Middleton couple at Westminster as charity marks decade of achievement

Date published: 01 May 2019

Middleton couple Neil and Alex Taylor were at Westminster as the charity they are supporting celebrated its tenth anniversary.

Neil and Alex Taylor were among guests invited to a reception to mark a decade of collaboration and achievement by Brain Tumour Research. The couple are working with the charity and their fundraising group Neil’s Appeal launched last year has raised more than £15,000.

32 year old Neil, was diagnosed with a grade 3 astrocytoma after suffering seizures during his sleep. Like many other patients, he knows that treatment options are limited and is pinning his hope on research breakthroughs.

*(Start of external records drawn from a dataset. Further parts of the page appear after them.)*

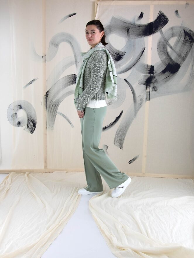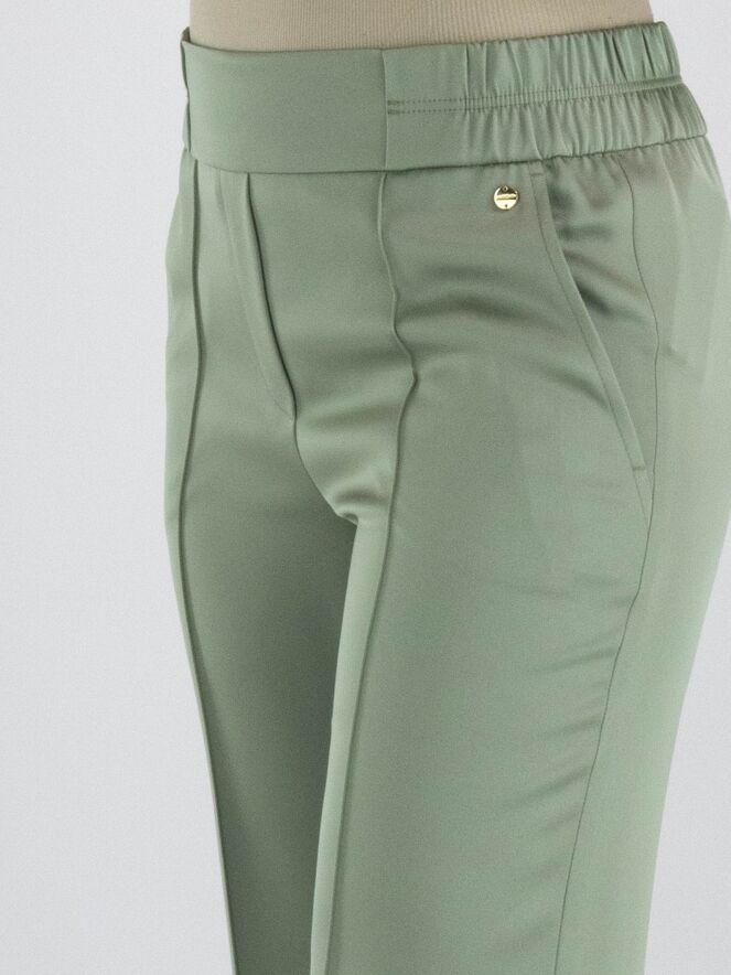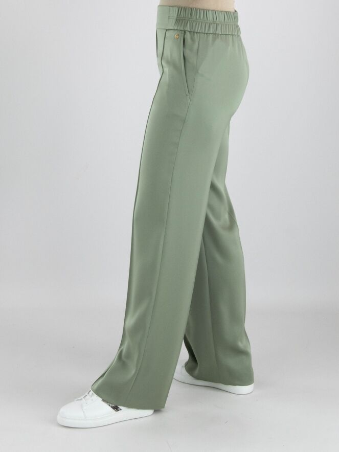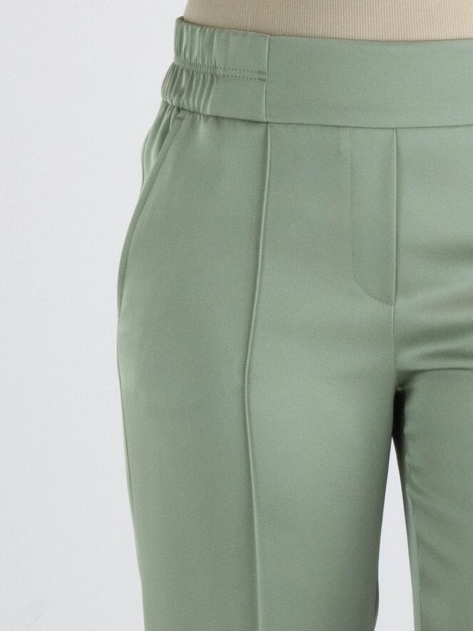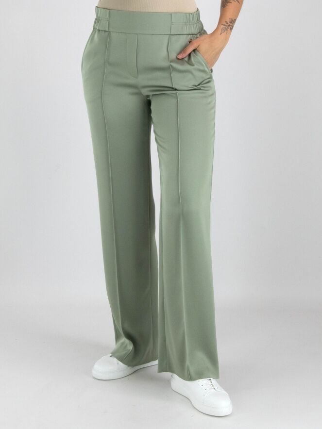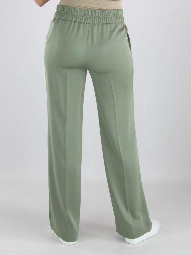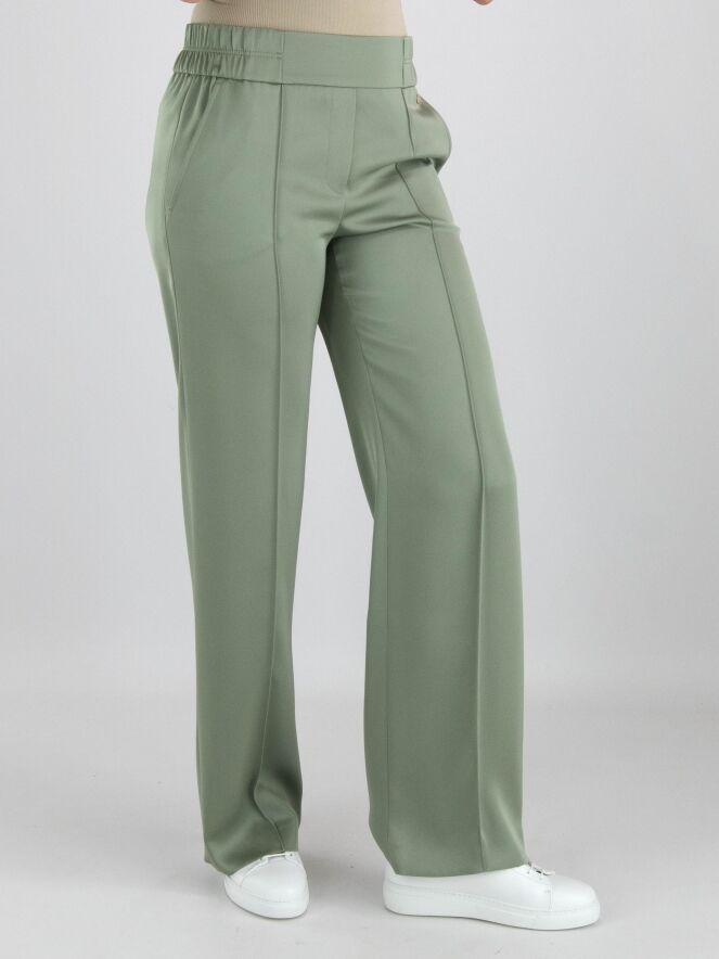 A wide-leg trousers from Marc Cain in a pastel olive green color. The waist features a finely pleated elastic band extending from the sides to the back. There is a seam down the center of the legs. The trousers have side pockets and can be washed at 30 degrees.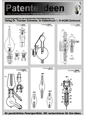 Normalerweise können es sich nur Firmen leisten umfangreiche Patentrecherchen, wie die hier angebotene, erstellen zu lassen. Die Zusammenstellung solcher Sammlungen in gut archivierbarem Format ist aufwendig und setzt kostenpflichtige Datenbankprogramme voraus. Manche amerikanische Firmen berechnen für die Recherche bis zu 3,50 € pro Patent! Unser Verlag bietet Ihnen hier diese Leistungen zu einem unschlagbar niedrigen Preis an. Sollte Ihnen ein Sie interessierendes Thema fehlen, so fordern Sie uns und wir erstellen Ihnen ein Angebot, zu dem Sie nicht "Nein" sagen können (allerdings nur für private und nicht kommerzielle Zwecke, für Firmenanfragen existieren andere Bedingungen (Anfragen erwünscht)).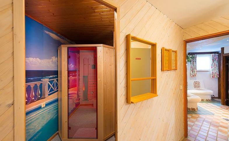 | velikost wellness 44 m2, spa: děti do 14 let - zdarma, parní lázeň 1x - zdarma, finská sauna - zdarma, infrakabina - zdarma, relaxační místnost, nahota, trávník, lehátko - zdarma, slunečníky - zdarma |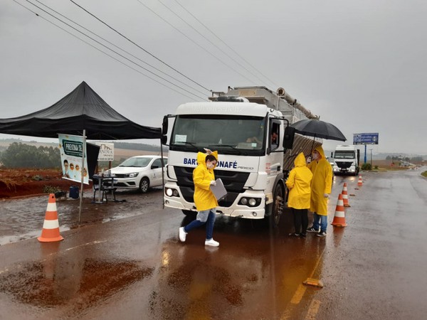 Equipes de saúde abordam os veículos e realizam um questionário sobre sintomas do Coronavírus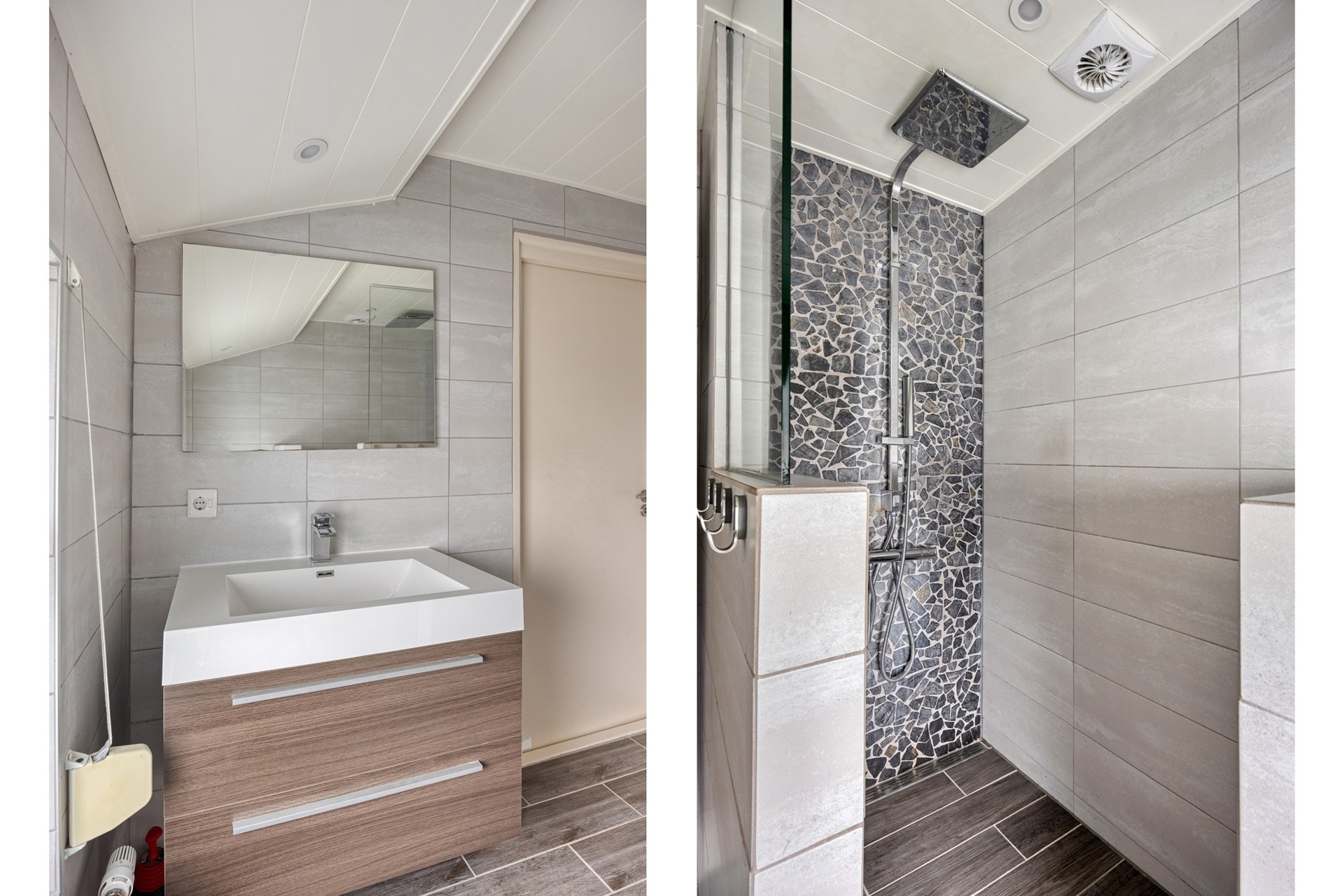 De moderne, volledig betegelde badkamer met vloerverwarming (indirect) en MDF plafond met inbouwspots, is voorzien van een badmeubel met vaste wastafel en spiegel, een inloopdouche met thermostaatkraan en regendouche en een 2e toilet (sanibroyeur). Natuurlijke ventilatie middels een kunststof raamkozijn (draai-/kiep) met HR++ melkglas en een vliegenhor.

The pair attended the reception held yesterday (Tuesday 30th April) at Speaker’s House, by kind permission of the Rt Hon John Bercow, Speaker of the House of Commons. Mr Bercow is MP for Buckingham, the constituency where Brain Tumour Research was first launched, and also a Patron of the charity.

Neil said, “We were delighted to be invited to this event to celebrate 10 years since the launch of Brain Tumour Research. It was a lovely occasion and great to meet up with so many people from the brain tumour community who have played a role in transforming research into brain tumours over the last decade or more.”

Brain Tumour Research Chief Executive Sue Farrington Smith MBE, who lost her niece Alison Phelan, to a brain tumour in June 2001, three weeks before her eighth birthday, said, “We have met so many astonishing, powerful, helpful, angry, devastated, yet determined people. Determined to join us in helping to fund the fight and find a cure for this devastating disease.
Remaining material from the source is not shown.